- **PROBLEM**: Filter the records below down to lines containing "questions".

- **DATA EXTRACT**:
※

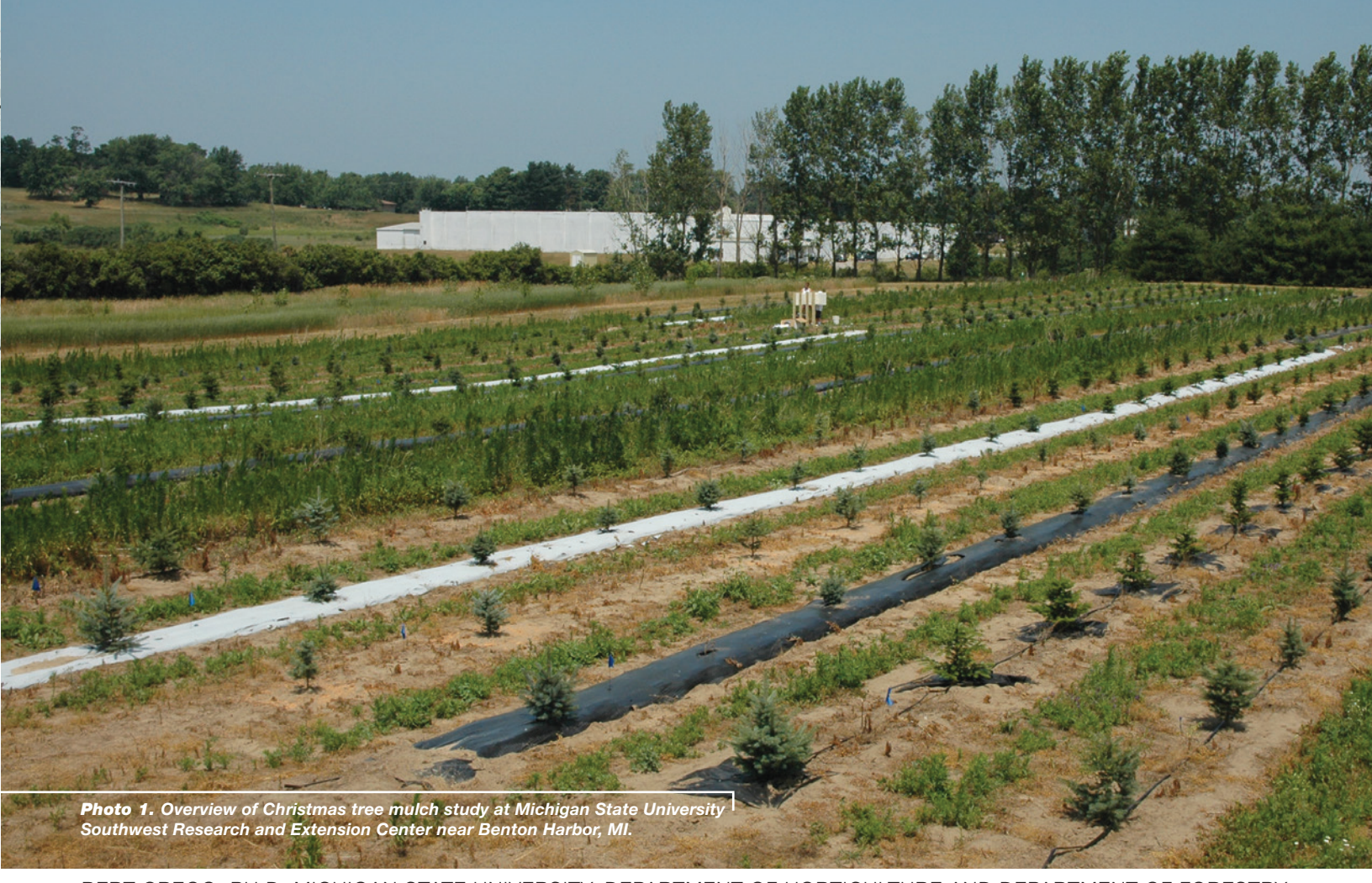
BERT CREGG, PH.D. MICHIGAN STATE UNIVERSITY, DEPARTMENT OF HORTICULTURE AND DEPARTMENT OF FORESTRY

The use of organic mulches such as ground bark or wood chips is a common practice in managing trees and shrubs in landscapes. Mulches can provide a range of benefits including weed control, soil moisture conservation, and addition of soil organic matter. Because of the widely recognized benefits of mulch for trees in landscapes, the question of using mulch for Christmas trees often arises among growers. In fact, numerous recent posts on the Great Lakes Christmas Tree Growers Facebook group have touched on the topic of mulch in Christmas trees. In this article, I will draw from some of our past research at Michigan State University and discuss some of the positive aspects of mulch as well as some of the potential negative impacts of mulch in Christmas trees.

※

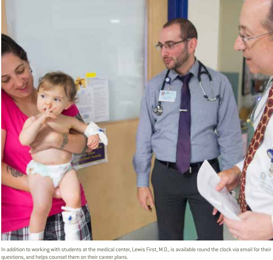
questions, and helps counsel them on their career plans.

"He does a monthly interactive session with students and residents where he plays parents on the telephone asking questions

※

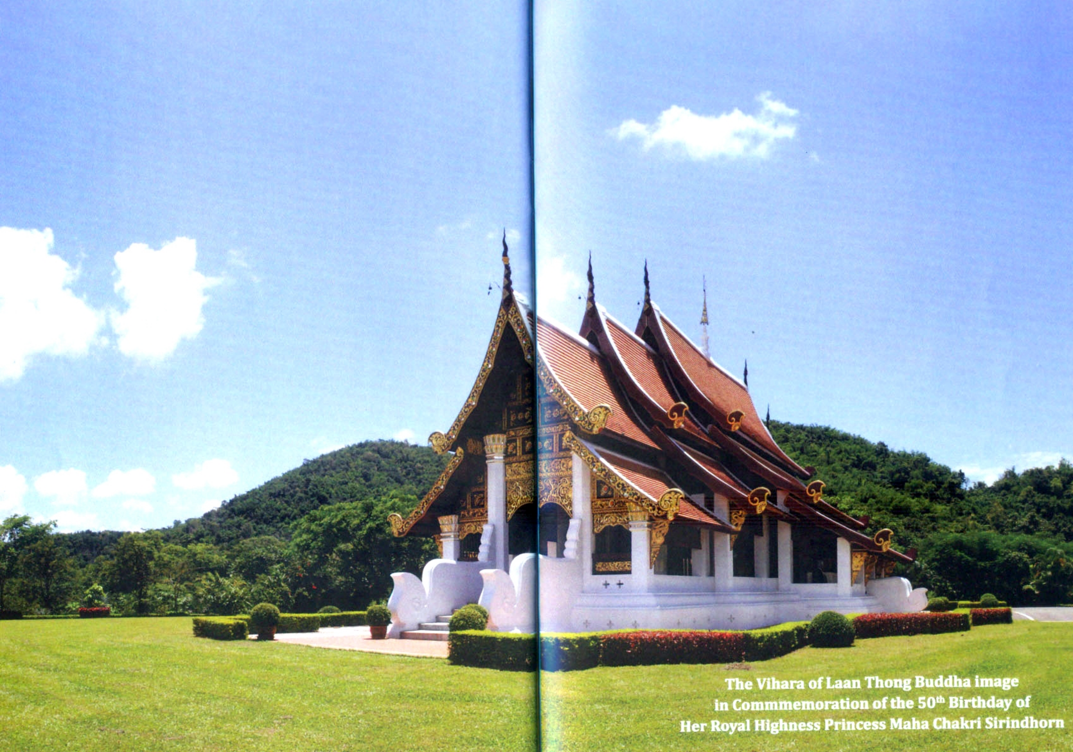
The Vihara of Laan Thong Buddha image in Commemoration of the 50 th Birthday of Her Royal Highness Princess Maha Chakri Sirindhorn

※

- **EXPECTED ANSWER**:
questions, and helps counsel them on their career plans.
"He does a monthly interactive session with students and residents where he plays parents on the telephone asking questions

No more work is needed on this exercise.